**What is needed:** Starting at the first line of the entries below, output every line exactly, up to and including the line with "Scoop Neck Satin".

**Data for processing:**
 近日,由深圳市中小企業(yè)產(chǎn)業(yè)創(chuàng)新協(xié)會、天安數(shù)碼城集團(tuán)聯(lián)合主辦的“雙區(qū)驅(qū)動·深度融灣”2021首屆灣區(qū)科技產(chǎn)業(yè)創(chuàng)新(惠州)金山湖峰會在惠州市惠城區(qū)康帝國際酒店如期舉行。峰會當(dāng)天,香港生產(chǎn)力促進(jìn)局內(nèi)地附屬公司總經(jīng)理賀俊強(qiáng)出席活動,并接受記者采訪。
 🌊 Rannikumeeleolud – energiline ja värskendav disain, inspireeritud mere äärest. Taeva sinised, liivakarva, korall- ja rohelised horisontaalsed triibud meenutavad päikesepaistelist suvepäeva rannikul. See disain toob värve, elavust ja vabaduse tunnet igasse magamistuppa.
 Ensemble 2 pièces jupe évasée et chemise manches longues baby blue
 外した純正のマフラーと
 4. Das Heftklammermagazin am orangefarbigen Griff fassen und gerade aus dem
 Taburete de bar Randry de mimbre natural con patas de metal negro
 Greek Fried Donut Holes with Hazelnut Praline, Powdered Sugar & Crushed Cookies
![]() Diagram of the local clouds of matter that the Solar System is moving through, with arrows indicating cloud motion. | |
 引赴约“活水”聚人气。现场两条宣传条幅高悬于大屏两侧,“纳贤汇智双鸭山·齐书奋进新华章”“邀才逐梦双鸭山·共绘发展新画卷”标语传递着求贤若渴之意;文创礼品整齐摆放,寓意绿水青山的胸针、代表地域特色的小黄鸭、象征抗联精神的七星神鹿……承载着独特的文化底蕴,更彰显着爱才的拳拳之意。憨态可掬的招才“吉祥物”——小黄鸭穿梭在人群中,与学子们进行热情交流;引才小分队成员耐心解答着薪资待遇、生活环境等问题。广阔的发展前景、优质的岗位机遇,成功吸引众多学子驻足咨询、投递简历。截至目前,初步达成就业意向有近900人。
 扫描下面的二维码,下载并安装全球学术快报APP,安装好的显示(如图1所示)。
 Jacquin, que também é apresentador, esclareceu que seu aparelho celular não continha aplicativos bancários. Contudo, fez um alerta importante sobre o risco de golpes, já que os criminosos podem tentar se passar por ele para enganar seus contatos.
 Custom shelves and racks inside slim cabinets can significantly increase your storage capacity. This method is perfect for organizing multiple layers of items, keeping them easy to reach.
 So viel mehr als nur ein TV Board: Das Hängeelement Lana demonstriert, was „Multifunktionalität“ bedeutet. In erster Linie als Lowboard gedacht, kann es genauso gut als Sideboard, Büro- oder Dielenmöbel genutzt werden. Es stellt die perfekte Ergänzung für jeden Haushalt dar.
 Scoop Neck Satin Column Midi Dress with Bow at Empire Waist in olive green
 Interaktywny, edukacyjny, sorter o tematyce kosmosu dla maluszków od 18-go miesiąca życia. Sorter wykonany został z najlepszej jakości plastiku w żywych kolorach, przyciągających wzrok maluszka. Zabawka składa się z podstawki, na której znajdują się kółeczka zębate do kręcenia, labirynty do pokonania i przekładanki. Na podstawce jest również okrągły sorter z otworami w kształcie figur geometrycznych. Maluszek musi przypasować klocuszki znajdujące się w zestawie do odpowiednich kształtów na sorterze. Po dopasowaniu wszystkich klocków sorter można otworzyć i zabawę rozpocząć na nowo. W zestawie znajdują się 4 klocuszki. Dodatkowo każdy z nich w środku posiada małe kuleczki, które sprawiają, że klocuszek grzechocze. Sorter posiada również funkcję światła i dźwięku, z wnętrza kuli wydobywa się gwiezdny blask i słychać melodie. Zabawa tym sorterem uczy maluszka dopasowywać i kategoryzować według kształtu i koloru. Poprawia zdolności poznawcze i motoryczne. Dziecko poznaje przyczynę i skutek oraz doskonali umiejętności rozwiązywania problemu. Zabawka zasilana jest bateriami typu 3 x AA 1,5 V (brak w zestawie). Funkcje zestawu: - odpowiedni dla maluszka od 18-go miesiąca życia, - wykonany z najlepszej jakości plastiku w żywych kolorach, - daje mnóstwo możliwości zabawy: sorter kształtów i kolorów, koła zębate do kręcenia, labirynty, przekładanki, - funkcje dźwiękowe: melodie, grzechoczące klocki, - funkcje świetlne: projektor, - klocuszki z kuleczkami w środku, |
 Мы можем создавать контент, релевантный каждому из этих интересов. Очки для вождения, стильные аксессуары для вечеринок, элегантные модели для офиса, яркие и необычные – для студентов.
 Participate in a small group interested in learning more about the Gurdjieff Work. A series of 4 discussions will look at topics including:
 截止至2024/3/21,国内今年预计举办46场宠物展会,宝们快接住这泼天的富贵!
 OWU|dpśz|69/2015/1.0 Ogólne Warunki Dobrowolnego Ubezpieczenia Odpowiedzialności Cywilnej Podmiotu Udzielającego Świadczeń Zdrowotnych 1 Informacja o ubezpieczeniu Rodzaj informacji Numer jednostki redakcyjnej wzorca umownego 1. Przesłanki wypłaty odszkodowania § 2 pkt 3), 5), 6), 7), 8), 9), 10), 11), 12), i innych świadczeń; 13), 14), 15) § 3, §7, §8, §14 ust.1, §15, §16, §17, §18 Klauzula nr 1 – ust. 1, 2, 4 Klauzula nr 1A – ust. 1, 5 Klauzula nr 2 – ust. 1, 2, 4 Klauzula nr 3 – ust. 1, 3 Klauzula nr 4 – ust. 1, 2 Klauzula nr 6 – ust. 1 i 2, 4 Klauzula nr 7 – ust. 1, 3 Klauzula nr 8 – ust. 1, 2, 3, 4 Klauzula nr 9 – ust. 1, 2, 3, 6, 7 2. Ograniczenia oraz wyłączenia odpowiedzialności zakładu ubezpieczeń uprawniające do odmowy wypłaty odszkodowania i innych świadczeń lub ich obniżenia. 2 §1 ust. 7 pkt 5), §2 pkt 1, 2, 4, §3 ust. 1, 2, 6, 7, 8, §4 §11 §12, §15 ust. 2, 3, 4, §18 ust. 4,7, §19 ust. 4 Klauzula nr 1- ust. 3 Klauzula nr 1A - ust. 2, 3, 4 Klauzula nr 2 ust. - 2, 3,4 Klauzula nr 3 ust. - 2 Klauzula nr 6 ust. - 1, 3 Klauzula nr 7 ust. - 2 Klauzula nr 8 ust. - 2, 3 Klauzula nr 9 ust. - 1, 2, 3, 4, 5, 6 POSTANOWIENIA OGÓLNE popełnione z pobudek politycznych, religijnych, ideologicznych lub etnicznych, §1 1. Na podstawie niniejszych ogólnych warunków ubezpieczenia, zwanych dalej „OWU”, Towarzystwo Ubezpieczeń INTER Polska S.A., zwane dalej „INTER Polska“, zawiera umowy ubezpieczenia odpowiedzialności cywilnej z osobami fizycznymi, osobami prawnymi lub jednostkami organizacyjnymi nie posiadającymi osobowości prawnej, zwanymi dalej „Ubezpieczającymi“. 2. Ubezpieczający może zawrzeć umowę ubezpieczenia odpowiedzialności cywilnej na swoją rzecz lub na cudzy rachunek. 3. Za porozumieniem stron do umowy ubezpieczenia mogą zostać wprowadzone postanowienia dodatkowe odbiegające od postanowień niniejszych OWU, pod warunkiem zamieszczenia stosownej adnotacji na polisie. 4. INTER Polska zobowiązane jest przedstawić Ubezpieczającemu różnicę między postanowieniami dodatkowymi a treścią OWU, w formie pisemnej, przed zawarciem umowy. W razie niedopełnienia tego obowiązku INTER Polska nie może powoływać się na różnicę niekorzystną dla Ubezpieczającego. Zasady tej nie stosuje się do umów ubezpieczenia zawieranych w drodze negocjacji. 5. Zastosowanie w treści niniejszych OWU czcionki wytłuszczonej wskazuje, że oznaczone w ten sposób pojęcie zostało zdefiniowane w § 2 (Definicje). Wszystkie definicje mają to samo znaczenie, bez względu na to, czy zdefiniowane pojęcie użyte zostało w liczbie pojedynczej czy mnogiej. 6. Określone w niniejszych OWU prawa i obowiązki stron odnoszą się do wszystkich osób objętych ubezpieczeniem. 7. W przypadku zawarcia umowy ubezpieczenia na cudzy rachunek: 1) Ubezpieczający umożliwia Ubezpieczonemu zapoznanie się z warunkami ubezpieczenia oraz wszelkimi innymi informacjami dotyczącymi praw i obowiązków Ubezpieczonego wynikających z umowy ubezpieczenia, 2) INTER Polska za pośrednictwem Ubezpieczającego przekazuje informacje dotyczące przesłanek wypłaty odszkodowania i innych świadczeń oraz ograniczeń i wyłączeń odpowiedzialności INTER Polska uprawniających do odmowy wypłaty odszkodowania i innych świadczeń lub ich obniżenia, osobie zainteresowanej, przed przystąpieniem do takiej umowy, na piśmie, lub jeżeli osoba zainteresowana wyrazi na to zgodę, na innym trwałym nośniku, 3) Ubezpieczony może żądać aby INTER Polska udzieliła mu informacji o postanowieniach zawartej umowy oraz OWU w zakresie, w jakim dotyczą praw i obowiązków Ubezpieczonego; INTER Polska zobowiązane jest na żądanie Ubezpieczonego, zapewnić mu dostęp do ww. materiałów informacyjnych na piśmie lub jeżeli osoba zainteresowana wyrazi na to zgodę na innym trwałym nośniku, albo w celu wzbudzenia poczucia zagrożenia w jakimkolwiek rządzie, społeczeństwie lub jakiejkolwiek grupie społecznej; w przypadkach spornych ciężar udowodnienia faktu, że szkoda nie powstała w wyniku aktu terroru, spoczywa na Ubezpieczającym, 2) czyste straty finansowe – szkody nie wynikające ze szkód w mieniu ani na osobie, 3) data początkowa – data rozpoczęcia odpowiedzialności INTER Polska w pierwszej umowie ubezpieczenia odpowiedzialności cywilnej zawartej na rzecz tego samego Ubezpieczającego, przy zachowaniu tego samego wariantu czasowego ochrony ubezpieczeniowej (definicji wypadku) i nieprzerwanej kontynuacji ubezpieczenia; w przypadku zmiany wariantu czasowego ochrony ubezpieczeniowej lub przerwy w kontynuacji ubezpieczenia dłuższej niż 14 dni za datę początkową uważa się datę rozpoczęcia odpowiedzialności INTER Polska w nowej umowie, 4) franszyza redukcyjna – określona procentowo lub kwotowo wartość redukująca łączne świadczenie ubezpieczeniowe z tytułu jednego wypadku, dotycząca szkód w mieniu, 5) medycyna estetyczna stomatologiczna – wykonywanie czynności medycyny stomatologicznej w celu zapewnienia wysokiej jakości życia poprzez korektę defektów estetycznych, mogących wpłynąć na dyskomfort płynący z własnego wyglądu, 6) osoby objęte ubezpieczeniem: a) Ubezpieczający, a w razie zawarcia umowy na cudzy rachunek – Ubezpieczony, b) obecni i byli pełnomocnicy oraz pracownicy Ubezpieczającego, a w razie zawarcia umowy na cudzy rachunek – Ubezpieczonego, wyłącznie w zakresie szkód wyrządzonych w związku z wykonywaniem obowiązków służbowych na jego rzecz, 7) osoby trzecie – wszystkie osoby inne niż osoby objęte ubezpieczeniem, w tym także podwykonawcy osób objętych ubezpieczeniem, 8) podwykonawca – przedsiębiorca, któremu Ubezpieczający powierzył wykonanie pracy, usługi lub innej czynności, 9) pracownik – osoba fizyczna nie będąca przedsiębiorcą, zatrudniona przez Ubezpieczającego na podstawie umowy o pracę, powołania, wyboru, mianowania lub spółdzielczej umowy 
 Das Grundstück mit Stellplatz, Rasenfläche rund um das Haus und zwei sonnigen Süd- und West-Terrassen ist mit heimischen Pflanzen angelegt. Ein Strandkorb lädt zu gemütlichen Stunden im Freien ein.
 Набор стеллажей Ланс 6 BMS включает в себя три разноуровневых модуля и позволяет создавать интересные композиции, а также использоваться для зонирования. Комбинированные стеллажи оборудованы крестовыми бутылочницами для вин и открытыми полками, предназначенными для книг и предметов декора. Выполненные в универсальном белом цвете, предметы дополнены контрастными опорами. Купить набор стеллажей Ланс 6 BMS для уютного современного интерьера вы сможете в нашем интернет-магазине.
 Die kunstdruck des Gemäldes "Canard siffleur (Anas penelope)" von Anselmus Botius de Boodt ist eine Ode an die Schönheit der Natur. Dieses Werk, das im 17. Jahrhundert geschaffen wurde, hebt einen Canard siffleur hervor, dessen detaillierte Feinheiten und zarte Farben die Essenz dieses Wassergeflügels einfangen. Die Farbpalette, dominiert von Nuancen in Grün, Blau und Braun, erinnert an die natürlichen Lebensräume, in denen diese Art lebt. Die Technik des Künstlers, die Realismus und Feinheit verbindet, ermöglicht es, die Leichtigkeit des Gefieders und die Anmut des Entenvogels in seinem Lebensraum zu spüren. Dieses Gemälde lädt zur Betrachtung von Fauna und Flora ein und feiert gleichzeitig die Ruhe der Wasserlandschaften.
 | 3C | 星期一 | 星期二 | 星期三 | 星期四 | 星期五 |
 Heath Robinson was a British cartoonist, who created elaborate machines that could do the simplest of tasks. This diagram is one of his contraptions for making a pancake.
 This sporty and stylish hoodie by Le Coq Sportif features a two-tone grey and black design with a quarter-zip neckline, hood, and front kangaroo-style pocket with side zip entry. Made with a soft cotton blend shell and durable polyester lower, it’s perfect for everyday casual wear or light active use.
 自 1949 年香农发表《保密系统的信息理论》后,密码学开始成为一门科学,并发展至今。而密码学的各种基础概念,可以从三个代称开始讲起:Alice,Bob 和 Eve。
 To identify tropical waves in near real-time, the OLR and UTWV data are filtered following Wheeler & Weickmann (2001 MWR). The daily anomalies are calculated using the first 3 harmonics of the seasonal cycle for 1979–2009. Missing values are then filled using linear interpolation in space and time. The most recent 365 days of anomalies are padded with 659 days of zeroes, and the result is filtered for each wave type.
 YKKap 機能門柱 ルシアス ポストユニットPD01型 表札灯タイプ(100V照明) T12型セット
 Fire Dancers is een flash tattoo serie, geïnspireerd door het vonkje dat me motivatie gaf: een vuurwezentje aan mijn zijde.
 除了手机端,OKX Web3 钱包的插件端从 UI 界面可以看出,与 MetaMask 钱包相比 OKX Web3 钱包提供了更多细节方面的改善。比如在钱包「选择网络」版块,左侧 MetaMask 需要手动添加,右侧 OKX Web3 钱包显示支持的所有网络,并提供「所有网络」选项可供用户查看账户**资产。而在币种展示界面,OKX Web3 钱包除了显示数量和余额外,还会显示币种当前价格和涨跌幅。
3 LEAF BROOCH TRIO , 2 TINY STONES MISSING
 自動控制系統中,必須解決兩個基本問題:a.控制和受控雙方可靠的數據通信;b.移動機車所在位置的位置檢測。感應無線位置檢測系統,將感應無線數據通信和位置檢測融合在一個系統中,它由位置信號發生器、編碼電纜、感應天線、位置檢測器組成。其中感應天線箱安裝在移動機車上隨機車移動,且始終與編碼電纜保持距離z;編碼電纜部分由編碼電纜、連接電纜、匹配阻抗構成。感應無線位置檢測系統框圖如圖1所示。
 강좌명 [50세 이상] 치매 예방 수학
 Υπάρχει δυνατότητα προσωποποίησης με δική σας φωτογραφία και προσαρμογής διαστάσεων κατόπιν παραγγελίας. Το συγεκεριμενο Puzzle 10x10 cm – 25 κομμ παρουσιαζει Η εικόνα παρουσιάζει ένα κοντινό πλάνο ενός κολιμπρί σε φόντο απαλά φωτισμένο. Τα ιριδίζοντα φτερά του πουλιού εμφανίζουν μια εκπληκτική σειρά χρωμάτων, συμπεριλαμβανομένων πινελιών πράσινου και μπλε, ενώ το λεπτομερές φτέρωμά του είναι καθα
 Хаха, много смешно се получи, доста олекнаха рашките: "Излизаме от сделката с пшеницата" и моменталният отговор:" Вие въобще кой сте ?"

**Finished task:**
 近日,由深圳市中小企業(yè)產(chǎn)業(yè)創(chuàng)新協(xié)會、天安數(shù)碼城集團(tuán)聯(lián)合主辦的“雙區(qū)驅(qū)動·深度融灣”2021首屆灣區(qū)科技產(chǎn)業(yè)創(chuàng)新(惠州)金山湖峰會在惠州市惠城區(qū)康帝國際酒店如期舉行。峰會當(dāng)天,香港生產(chǎn)力促進(jìn)局內(nèi)地附屬公司總經(jīng)理賀俊強(qiáng)出席活動,并接受記者采訪。
 🌊 Rannikumeeleolud – energiline ja värskendav disain, inspireeritud mere äärest. Taeva sinised, liivakarva, korall- ja rohelised horisontaalsed triibud meenutavad päikesepaistelist suvepäeva rannikul. See disain toob värve, elavust ja vabaduse tunnet igasse magamistuppa.
 Ensemble 2 pièces jupe évasée et chemise manches longues baby blue
 外した純正のマフラーと
 4. Das Heftklammermagazin am orangefarbigen Griff fassen und gerade aus dem
 Taburete de bar Randry de mimbre natural con patas de metal negro
 Greek Fried Donut Holes with Hazelnut Praline, Powdered Sugar & Crushed Cookies
![]() Diagram of the local clouds of matter that the Solar System is moving through, with arrows indicating cloud motion. | |
 引赴约“活水”聚人气。现场两条宣传条幅高悬于大屏两侧,“纳贤汇智双鸭山·齐书奋进新华章”“邀才逐梦双鸭山·共绘发展新画卷”标语传递着求贤若渴之意;文创礼品整齐摆放,寓意绿水青山的胸针、代表地域特色的小黄鸭、象征抗联精神的七星神鹿……承载着独特的文化底蕴,更彰显着爱才的拳拳之意。憨态可掬的招才“吉祥物”——小黄鸭穿梭在人群中,与学子们进行热情交流;引才小分队成员耐心解答着薪资待遇、生活环境等问题。广阔的发展前景、优质的岗位机遇,成功吸引众多学子驻足咨询、投递简历。截至目前,初步达成就业意向有近900人。
 扫描下面的二维码,下载并安装全球学术快报APP,安装好的显示(如图1所示)。
 Jacquin, que também é apresentador, esclareceu que seu aparelho celular não continha aplicativos bancários. Contudo, fez um alerta importante sobre o risco de golpes, já que os criminosos podem tentar se passar por ele para enganar seus contatos.
 Custom shelves and racks inside slim cabinets can significantly increase your storage capacity. This method is perfect for organizing multiple layers of items, keeping them easy to reach.
 So viel mehr als nur ein TV Board: Das Hängeelement Lana demonstriert, was „Multifunktionalität“ bedeutet. In erster Linie als Lowboard gedacht, kann es genauso gut als Sideboard, Büro- oder Dielenmöbel genutzt werden. Es stellt die perfekte Ergänzung für jeden Haushalt dar.
 Scoop Neck Satin Column Midi Dress with Bow at Empire Waist in olive green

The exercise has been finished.